Homing and colonization of BMDCs in LLC and EMT/6 tumors after treatment with PTX or PTX in combination with either G-CSF or AMD3100. (A) C57Bl/6 mice bearing 500 mm³ LLC tumors (n = 4-5 mice per group) or (B) BALB/c mice bearing 500 mm³ EMT/6 murine breast carcinoma (n = 4-5 mice per group) were treated with PTX or PTX in combination with either G-CSF or AMD3100. Tumors were removed 3 days later and prepared as single cell suspensions for the evaluation of hemangiocytes (HEMANGIO) and MDSCs colonization of tumors using flow cytometry. *.05 > P > .01; **.01 > P > .001 from control group, unless indicated otherwise.

Figure 4

Relative SDF-1α protein expression and Bv8 mRNA expression in LLC tumors after treatment with PTX or PTX in combination with either G-CSF or AMD3100. (A) C57Bl/6 mice bearing 500 mm³ LLC tumors (n = 4-5 mice per group) were treated with PTX or PTX in combination with either G-CSF or AMD3100. Tumors were removed 3 days later and sections evaluated for SDF-1α expression (green; scale bar = 500 μm). (B) Quantification of relative SDF-1α expression is provided. (C) In parallel, mRNA was extracted from the same tumors, and Bv8 mRNA levels were measured by qRT-PCR. ***P < .001 from control group, unless indicated otherwise.

Figure 5

Evaluation of tumor cell proliferation and apoptosis in LLC tumors after treatment with PTX or PTX in combination with either G-CSF or AMD3100. (A) C57Bl/6 mice bearing 500 mm³ LLC tumors (n = 4-5 mice per group) were treated with PTX or PTX in combination with either G-CSF or AMD3100. Tumors were removed 3 days later and evaluated for proliferation (red) and apoptosis (green; scale bar = 200 μm). (B) Quantification of perfusion and hypoxia is expressed as percentage. (C) EMT/6, MDA-MB-231, and LLC cells were cultured in the presence of G-CSF or AMD3100 with or without CoCl₂. Cell proliferation was evaluated quantitatively with the metabolic indicator dye alamarBlue.
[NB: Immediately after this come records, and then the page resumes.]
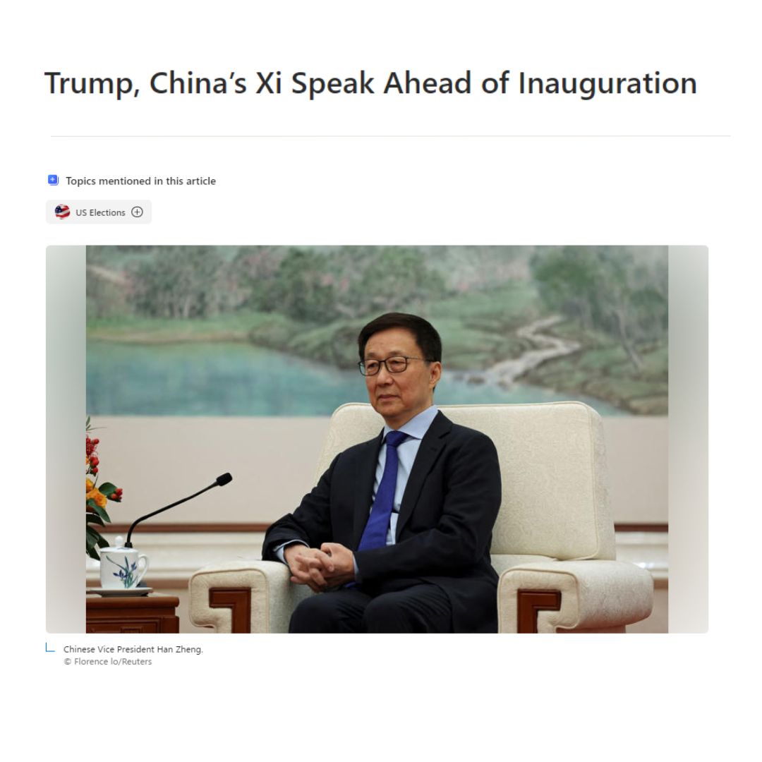 Chinese leader Xi Jinping and President-elect Donald Trump vowed to engage closely on major issues in a rare phone call ahead of next week’s inauguration, where Beijing will be represented by its vice president. Xi would have faced political risks by attending the U.S. presidential inauguration himself, particularly after Trump said he would impose additional tariffs on China from the first day of his second term as president. “Although the vice president’s role may not hold significant political power, his presence still matters as a trusted envoy of Xi,” said Dylan Loh, an assistant professor at Singapore’s NTU who studies China’s foreign policy. “Han certainly will be able to play the role of an interlocutor and a channel of communication.” Beijing is likely to follow up on Han’s trip by looking to arrange high-level meetings with the Trump administration, such as discussions between Chinese Foreign Minister Wang Yi and his American counterparts, Loh said.
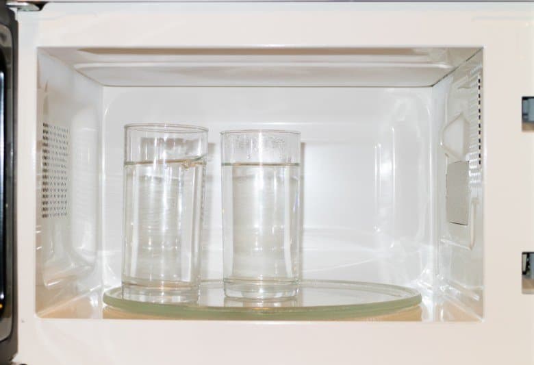 Также мы произвели тест на равномерность нагрева в разных частях камеры. Для этого мы использовали два стакана, в которые было налито 0,2 л воды с исходной температурой 14,6 °C. Затем стаканы были размещены внутри микроволновой печи следующим образом: один — в центре поворотного столика, другой — с края.
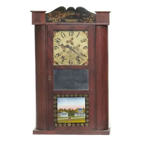 30-hour time and strike, weight-driven, wooden works. Painted wooden dial, Arabic numerals, and nice polychrome floral center and corners. Mahogany ca...
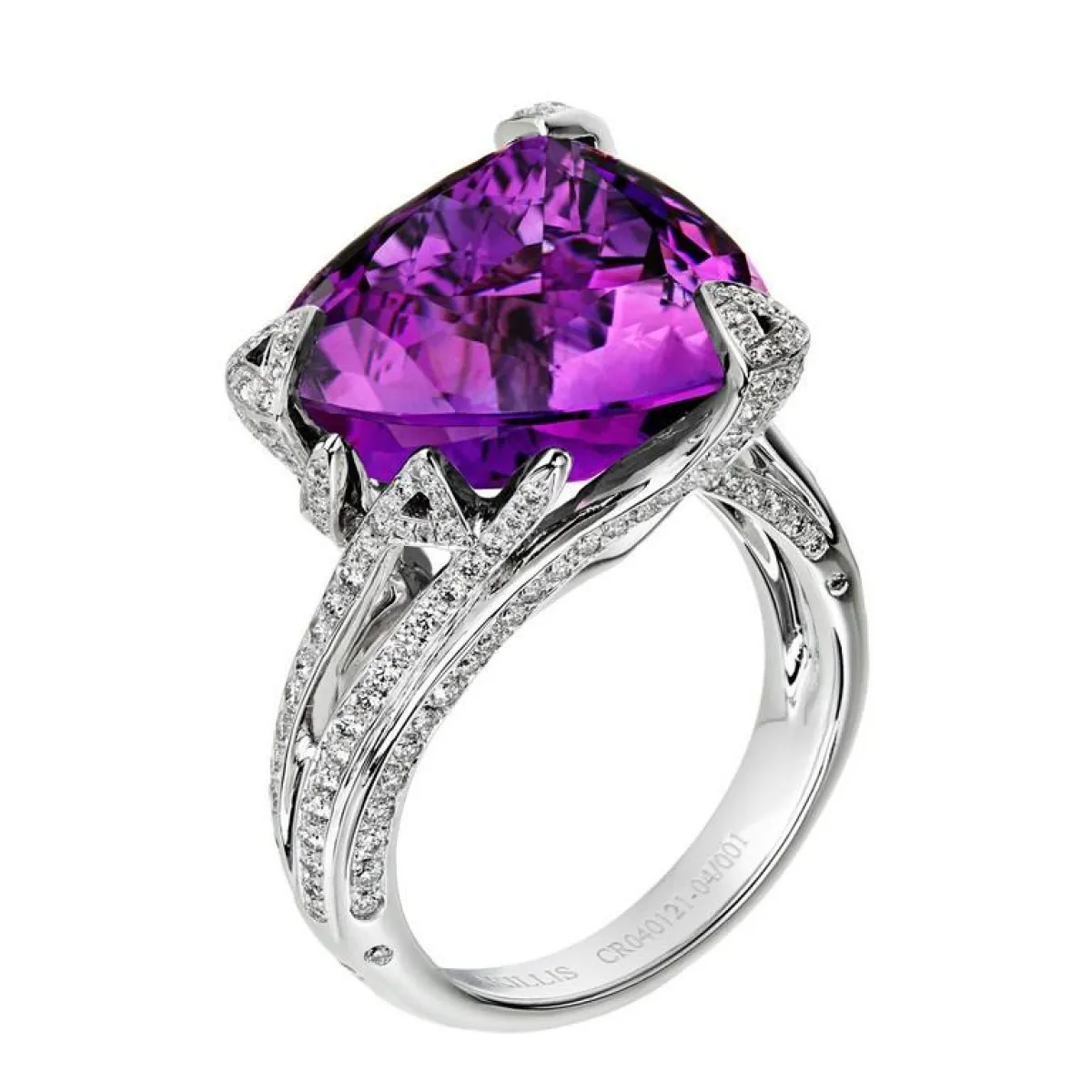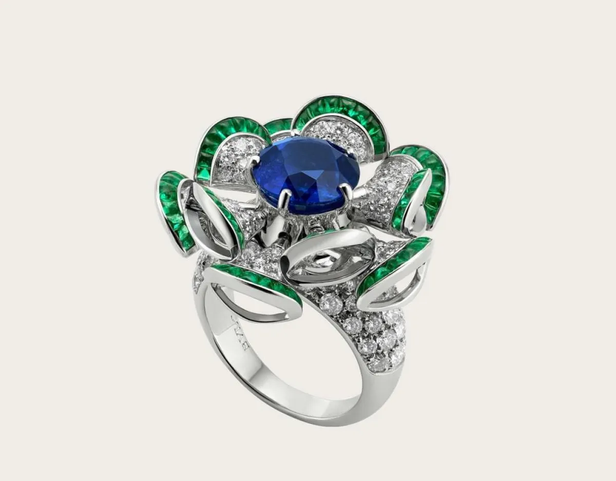 اختاري خاتماً بحجم بارز، مرصّع بالأحجار الكريمة، فقد تكتفين به وحده! هذا النوع من التصاميم يحمل قيمة كبيرة وبمقدوره أن يزيد من رفاهية إطلالاتك وترفها.
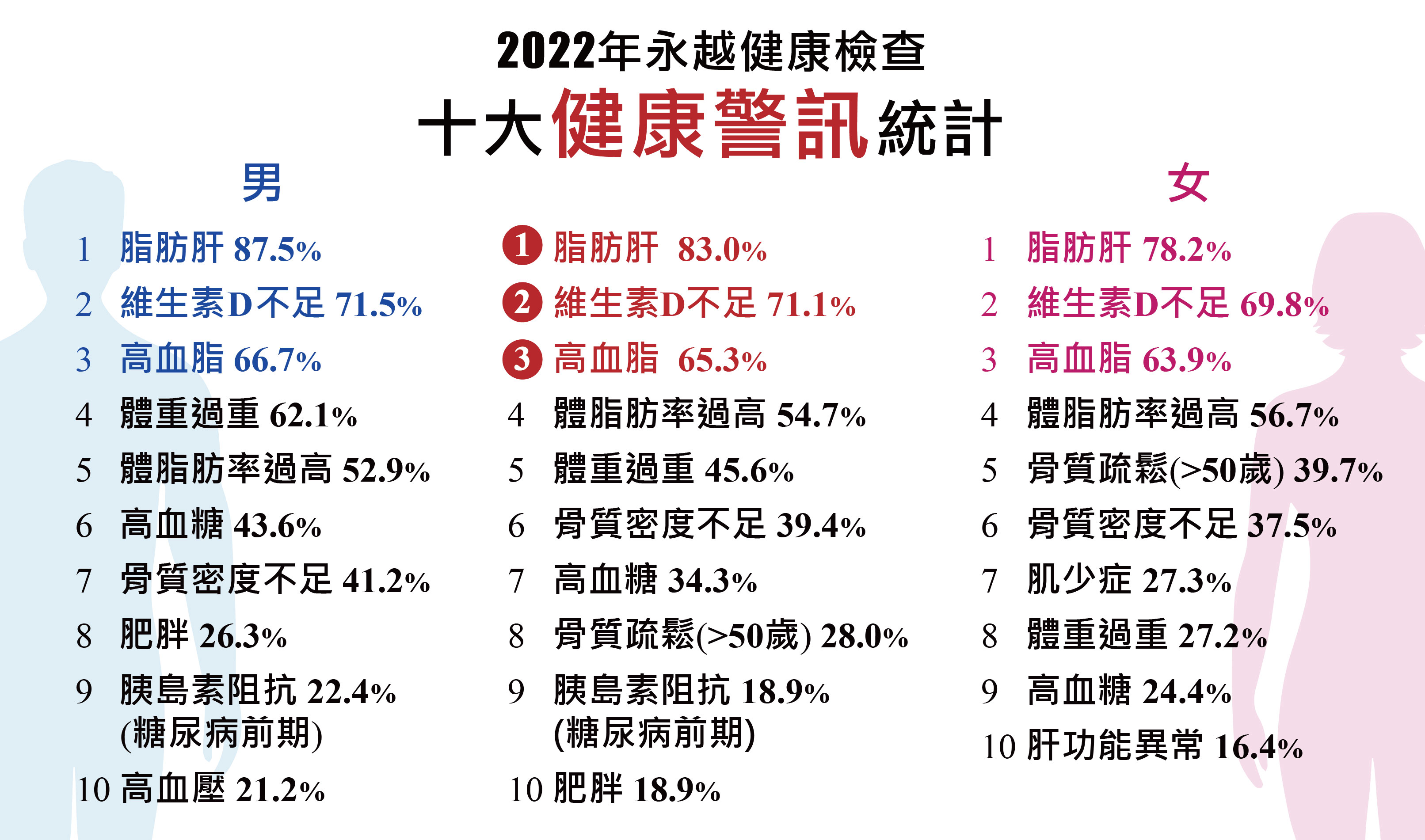 根據國際骨質疏鬆基金會所做的亞洲觀察報告(Asia-Pacific Regional Audit)及台灣地區流行病學資料估計,因為高齡人口越來越多,台灣50歲以上人口的骨質疏鬆發生率在2025年將增為42%,2050年增加至57%!而根據永越健康管理中心2022年健檢結果統計,男性骨質密度不足發生率為41.2%,女性則是37.5%,比率都極高。

Results are presented as the percentage of alamarBlue reduction and were corrected to background values of negative controls.

Figure 6

Analysis of VEGF-A, and MMP-2 levels in tumors after treatment with PTX, PTX and G-CSF or PTX and AMD3100. (A,C) C57Bl/6 mice bearing 500 mm³ LLC tumors (n = 3 mice per group) or (B,D) BALB/c mice bearing 500 mm³ EMT/6 tumors (n = 3 mice per group) were treated with PTX or PTX in combination with either G-CSF or AMD3100. Tumors were removed 3 days later and tumor lysates were evaluated for (A-B) MMP-2 expression by zymography, and (C-D) VEGF-A expression by ELISA. Summary of data are presented in graphs.